I am fine trying to get the array representation into SNIRF as an either / or proposition to what is presently there. I’d prefer that myself. And I suspect we can do it in a way that keeps backward compatibility. But I think we need to get buy-in from others who are now using SNIRF.

Also, I think we need to better understand @fangq’s tools as they are likely quite useful given his history of such contributions and his present funding to develop this further.

samuelpowell commented 2 years ago

@dboas I understand, thank you.

To clarify, the approach I tested above was to have an array of a compound type, where the compound type contains each of the fields (i.e. an array of structs). I don't know if this was the original proposal, or if you were considering a single group with arrays for each field (i.e. a struct of arrays). Either approach solves the problem and could be optional as far as I can see.

I'll leave this issue open for now, and in the mean time am discussing JSNIRF further with @fangq on that repo.

fangq commented 2 years ago

@samuelpowell, if you can share a sample snirf file with a large inflation ratio (the file itself does not have to be big), I think it is worthwhile to use h5dump or other tools to find out what had caused the overhead. It might be just unnecessary padding. I will be happy to take a look.

on the other side, see my comment in another thread regarding the use of metaDataTag.{AccessionNumber,InstanceNumber} as a workaround for data streaming. It is DICOM inspired, but is more portable (both HDF5 and JSON compatible) and may not have such overhead issue (given that a post-processing is needed to recognize data sequence and concatenate them once the recording is done).

samuelpowell commented 2 years ago

@fangq thank you for offering to take a look at the files, please see attached. Any insights welcome!

group_enumeration.zip contains SNIRF compliant metadata (~200MiB) array_enumeration.zip contains the same enumeration data, but it is written as an array of a compound datatype (~2MiB)

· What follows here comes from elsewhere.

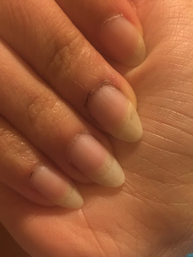 One of my nails have lifted and it was painful so was prepared to endure a little bit of pain. I will say I did leave my nails for 4 weeks as I know I shouldn't have! Anyways this girl is Iranian and has a (DRY) sense of humuor as she had stated that she is not like the 'typical nail tech' and speaks English - if u catch my drift.. She was on the phone the whole time talking to her mom and cut me while answering on the corner of my left thumbnail. BUT what hurt the most (and I am very upset with myself for doing this) My left hand ring finger had the terrible lift and we needed to take it off. She had buffed it down halfway and started to take a dull tool to lift it off. It hurt so bad... I literally took her little small cutter to cut most of the lifted nail off. She gave me her dull tool and told me to rip it off myself. She said she would rather me do it so I wouldn't get mad at her. I have never had to rip a nail myself - off and deep down inside I knew what would happen. It is my fault for listening to her - but I did. I took the dull tool and quickly tried to scrape the remainder of the nail off. (So ya - little my fault as I am new to this nail thing) My whole nail bed came off F* it hurt so bad I felt like I was going to pass out. Nearly did. She was rude the remainder of the time my girlfriend had gotten a predicure and came up just after.. she also had said (via txt) she was very rude to me. Went downstairs whispering to the receptionist giving dirty looks. I asked her how long it would take to heal, as she said dismissively 2 Months. Um, ok. I was thinking Thanks B* She even offered me adavan??!!

samuelpowell commented 2 years ago

Brief note that creating the HDF5 file with compatibility limited to more recent versions of the library, e.g.,

hid_t fapl = H5Pcreate(H5P_FILE_ACCESS);
H5Pset_libver_bounds(fapl, H5F_LIBVER_LATEST, H5F_LIBVER_LATEST);
fid = H5Fcreate("file.h5", ...

enables the compact storage for the group data. This reduces the file size from 200MiB to ~160MiB, which is not particularly significant.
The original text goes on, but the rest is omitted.